Police in Manhattan have arrested and charged Nicholas Truglia, 21, with 21 counts of felony crimes related to hacks he allegedly conducted against 6 individuals, including a $1 million USD theft of cryptocurrencies from Silicon Valley executive Robert Ross.
According to the New York Post, Truglia is presently being held at the Manhattan Detention Complex awaiting extradition to Santa Clara, California, where he will answer to charges of grand theft, altering or damaging computer data with the intent to defraud and using personal information without authorization.
According to police, Robert Ross’s phone suddenly went dark on October 26th after which thieves robbed $500 000 of Ross’s cryptocurrency from a Gemini account and another $500 000 from a Coinbase account.
Ross said the stolen funds included his two daughters’ college fund and his entire life savings.
SIM-swap attacks have become so popular that the Santa Clara-based REACT Task Force, a California law enforcement unit dedicated to fighting cybercrime, recently told Krebs on Security that it is focussing most of its attention on this type of scam.
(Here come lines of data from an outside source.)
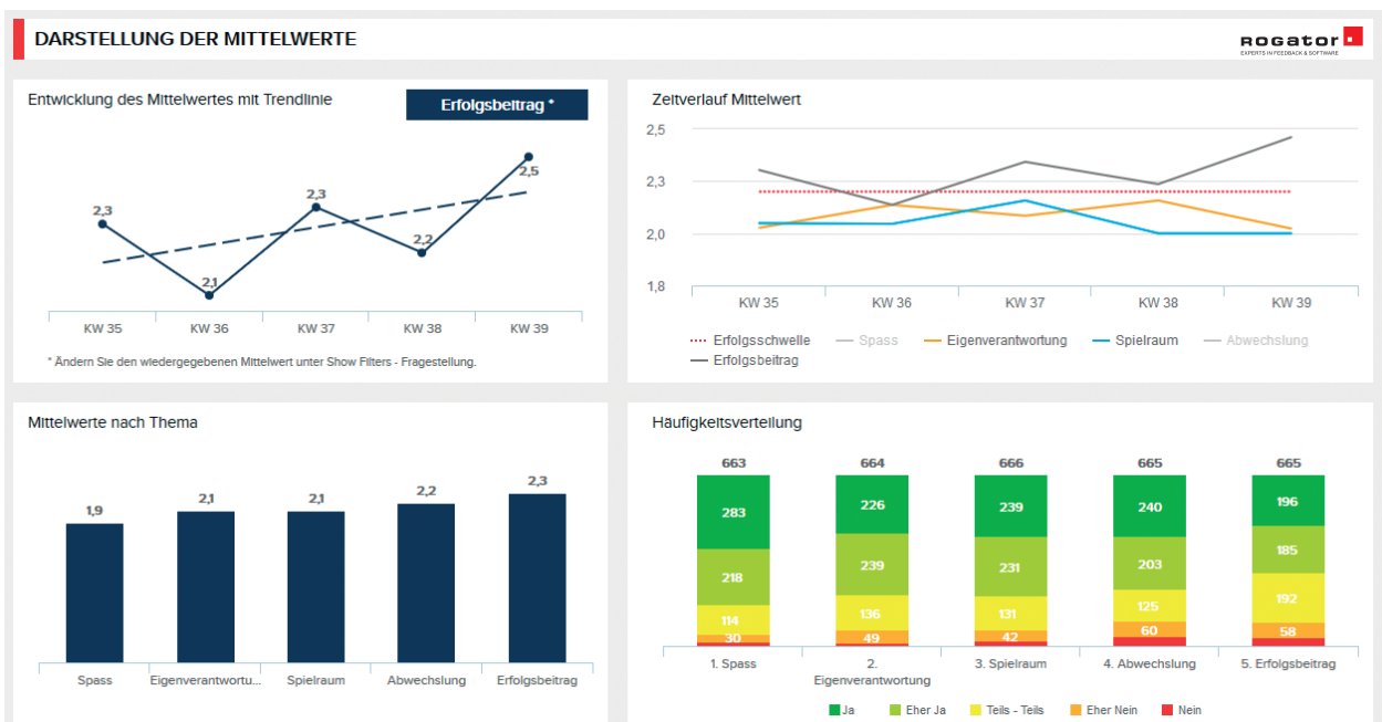
Beispiel eines Premium-Dashboards

Der Editor-Zugang beinhaltet neben den umfangreichen Möglichkeiten zur Einrichtung Ihres Dashboards im Self-Service auch die Funktionen zur Administration Ihres Accounts. Sie gestalten Ihr Dashboard hinsichtlich Umfang und Darstellungsform der Daten ganz nach Ihren Wünschen selbst und verwalten die Zugangsrechte für weitere Nutzer.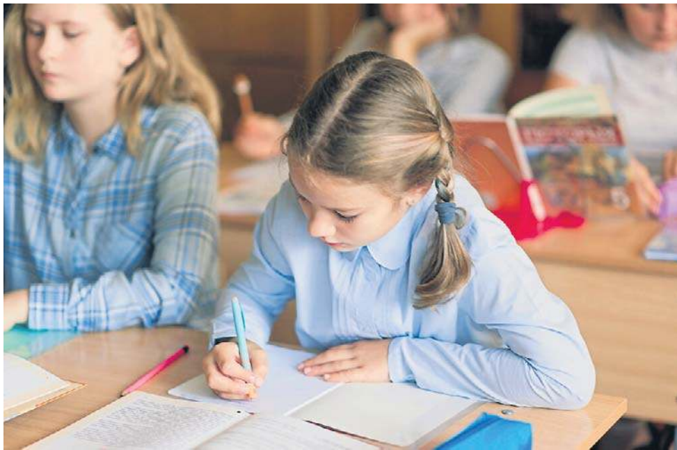
To rodzice zdecydują, czy ich dziecko będzie uczestniczyć w edukacji seksualnej

w działach II-X. Ze względu na uniwersalny charakter tych wymagań dział I ma inną strukturę niż pozostałe działy. Prezentowane pojęcia przedstawiają perspektywę filozoficzno-antropologiczną i stanowią istotę naszej kultury, mają sens powszechny i nieredukowalny, dlatego nie można im przypisać konkretnych umiejętności, a do tego wyrażają się przez przyjętą osobistą hierarchię wartości oraz w kształtowanych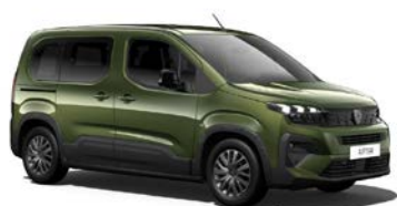
Sirkka Grün 2)

In a SIM-swap attack, a hacker convinces a telecom employee to port a victim’s cellphone information to their own “burner” phone so they can access any password or identifying data on the phone that might help them advance a theft, including a victim’s two-factor authentication app.
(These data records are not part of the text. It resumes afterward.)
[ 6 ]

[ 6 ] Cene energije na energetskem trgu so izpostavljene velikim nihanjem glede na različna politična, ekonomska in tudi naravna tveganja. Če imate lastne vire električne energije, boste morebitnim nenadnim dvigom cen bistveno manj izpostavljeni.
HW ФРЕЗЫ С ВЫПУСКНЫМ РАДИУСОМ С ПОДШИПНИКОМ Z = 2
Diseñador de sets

Members of REACT reportedly flew to New York on November 14th to aid in the arrest of Truglia.
“The takeaway here to the hackers is, ‘We don’t care where you’re located, we are a task force based in Silicon Valley, and our reach is nationwide,” deputy DA Erin West of Santa Clara Superior Court told The Post.
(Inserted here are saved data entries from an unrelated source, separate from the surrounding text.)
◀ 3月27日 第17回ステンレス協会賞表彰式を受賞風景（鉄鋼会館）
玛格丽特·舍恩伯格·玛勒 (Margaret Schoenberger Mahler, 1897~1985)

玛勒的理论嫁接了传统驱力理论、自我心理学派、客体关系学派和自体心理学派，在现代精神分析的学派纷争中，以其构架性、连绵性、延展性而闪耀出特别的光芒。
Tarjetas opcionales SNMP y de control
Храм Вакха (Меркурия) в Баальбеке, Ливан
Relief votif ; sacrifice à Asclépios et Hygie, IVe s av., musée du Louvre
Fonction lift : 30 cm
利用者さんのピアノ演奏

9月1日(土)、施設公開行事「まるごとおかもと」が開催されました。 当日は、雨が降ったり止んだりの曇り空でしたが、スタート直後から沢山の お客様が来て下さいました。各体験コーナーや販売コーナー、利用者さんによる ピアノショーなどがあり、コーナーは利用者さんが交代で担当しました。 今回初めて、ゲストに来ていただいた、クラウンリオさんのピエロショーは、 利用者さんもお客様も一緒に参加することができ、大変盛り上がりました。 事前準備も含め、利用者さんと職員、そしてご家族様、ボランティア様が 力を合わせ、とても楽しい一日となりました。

Previously, it was thought that hackers were impersonating victims and asking telecom employees to activate a new phone after a previous phone had been “lost.”
But a notable revelation unearthed in the Krebs investigation is that REACT members now believe many SIM-swap hacks are being aided by cooperating telecom employees with full knowledge of the hack.
Also targeted by Truglia, though unsuccessfully, were Saswata Basu, CEO of 0Chain; Myles Danielsen, VP at Hall Capital Partners, and Gabrielle Katsnelson, the co-founder of SMBX.
Police believe Truglia was acting with a “crew” of others in a spate of hacks that began October 8th.
Photos of Truglia published by The Daily Mail show him living large on a private jet and with friends at a nightclub.
Police arrested Truglia at his reportedly posh Manhattan apartment on 42nd street, where they found a hardware-wallet device, very similar to a thumb drive, that Truglia was allegedly using to store $300 000 in stolen funds.